*** Exercise data ***

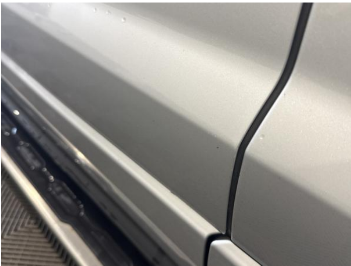
5: Door nsf Chipped 1 To 5
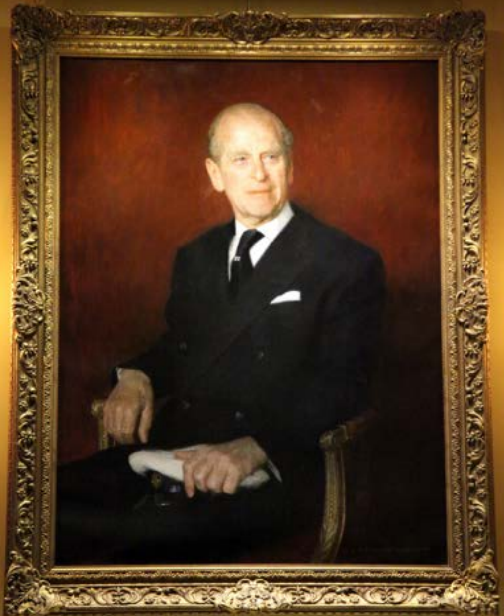
HRH Duke of Edinburgh : Royal Yacht Squadron
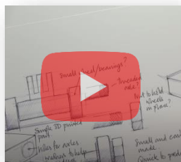
The importance of using annotations when design sketching.

Click on the image tiles below to access useful links/videos.
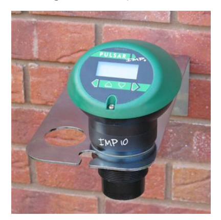
Optional mounting bracket for IMP sensors
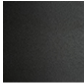
GF69 embossed graphite
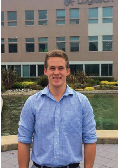
"Everyone was talking about high tech and Silicon Valley... I thought, 'I gotta try it.'"

"I'm enjoying my senior year, but I'm definitely ready for my next chapter," he said.

*** End of Exercise data ***

*What you should do:*
Take the line that contains "was talking about" and each line after it through the end of the records, and repeat them all exactly. Nothing else.

*Output for this task:*
"Everyone was talking about high tech and Silicon Valley... I thought, 'I gotta try it.'"

"I'm enjoying my senior year, but I'm definitely ready for my next chapter," he said.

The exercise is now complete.